Thanks for this, gonna enjoy mine when I get a chance to crack open the box


----------



## Dhughes12 (Feb 15, 2012)

the building just shook a little at my office downtown. i think my contest bomb from you must have been delivered to my house...
I'm a little scared to go home!



Aninjaforallseasons said:


> You don't say...


----------



## Herf N Turf (Dec 31, 2008)

Dhughes12 said:


> waiting to get my hands on one. hopefully he'll have a group buy soon


Keep your eyes peeled! I just talked to Ron the other day and he's gearing up for another one. These are great cigars and, while they're great after a little rest, they have all the signs of having great aging potential.

Just don't make the mistake most did in the beginning and smoke them too soon. Indonesia is horribly humid, so they need about a month.


----------



## Dhughes12 (Feb 15, 2012)

thanks for the heads up. this will be my first box purchase. should be fun to see how they age over time


----------



## lostdog13 (Jan 16, 2012)

jphank said:


> Thanks for this, gonna enjoy mine when I get a chance to crack open the box


You will indeed. It is an excellent cigar.


----------



## Trilobyte (Sep 17, 2011)

Thank you for the review Brent and it is good the hear that more are going to be available soon. :nod:


----------



## meatcake (Mar 3, 2012)

I just talked to Ron about this the other day. I am looking forward to trying them myself. I would be into a box split when it happens for sure.


----------



## 36Bones (Aug 18, 2011)

Thanks for the review, Brent. That looks delicious. :hungry:


----------



## shuckins (Jun 24, 2009)

thanks for the review brent!

the edmundo is the "C" blend,the "A" has become the signature corona. (maybe someone smarter than me can post a link to the test review thread)
i have been waiting for the summer heat to pass before doing another group buy,but it is coming soon...


----------



## primetime76 (Feb 8, 2011)

shuckins said:


> the edmundo is the "C" blend,the "A" has become the signature corona. (maybe someone smarter than me can post a link to the test review thread)
> i have been waiting for the summer heat to pass before doing another group buy,but it is coming soon...

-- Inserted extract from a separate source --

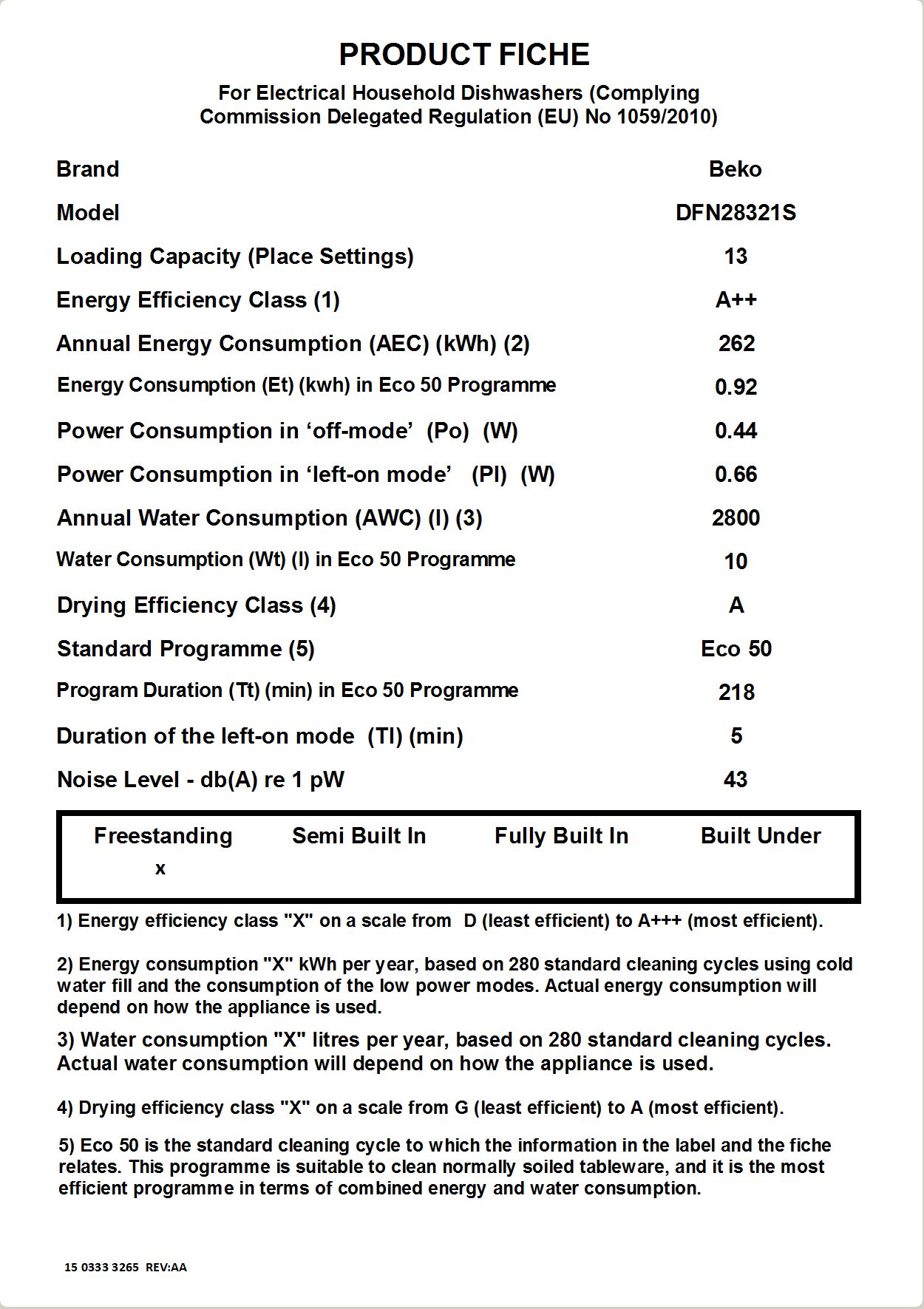 DFN28321S: Volně stojící myčka (13 sad nádobí, 60 cm)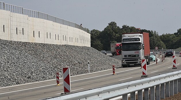 Obchvat Frýdku-Místku nedlouho před otevřením dalších dvou pruhů. Vlevo zpevňující zeď postavená kvůli sesuvu svahu. (24. července 2023)

Mmmmmm, the corona s th best of the entire sultan line....so good!


----------



## exprime8 (May 16, 2011)

I just got hit with a edmundo sig. B, how is it different than the A???


----------



## primetime76 (Feb 8, 2011)

exprime8 said:


> I just got hit with a edmundo sig. B, how is it different than the A???


Different blend...


----------



## WyldKnyght (Apr 1, 2011)

shuckins said:


> thanks for the review brent!
> 
> the edmundo is the "C" blend,the "A" has become the signature corona. (maybe someone smarter than me can post a link to the test review thread)
> i have been waiting for the summer heat to pass before doing another group buy,but it is coming soon...


Corona Review Thread... http://www.cigarforums.net/forums/v...39-sultan-signature-corona-review-thread.html


----------



## shuckins (Jun 24, 2009)

exprime8 said:


> I just got hit with a edmundo sig. B, how is it different than the A???


each of the 3 test review cigars were rolled with the same 5 indonesian tobaccos. different blends of the tobaccos were used to produce different flavors. you know the routine...a little more of this leaf,little less of that one,maybe toss one of these in...


----------



## WyldKnyght (Apr 1, 2011)

shuckins said:


> each of the 3 test review cigars were rolled with the same 5 indonesian tobaccos. different blends of the tobaccos were used to produce different flavors. you know the routine...a little more of this leaf,little less of that one,maybe toss one of these in...


Here's the A-B-C reviews...

http://www.cigarforums.net/forums/vb/non-habanos-reviews/277651-sultan-signature-review-thread.html


----------



## shuckins (Jun 24, 2009)

thanks craig!


----------



## WyldKnyght (Apr 1, 2011)

shuckins said:


> thanks craig!


Anytime Ron!!!


----------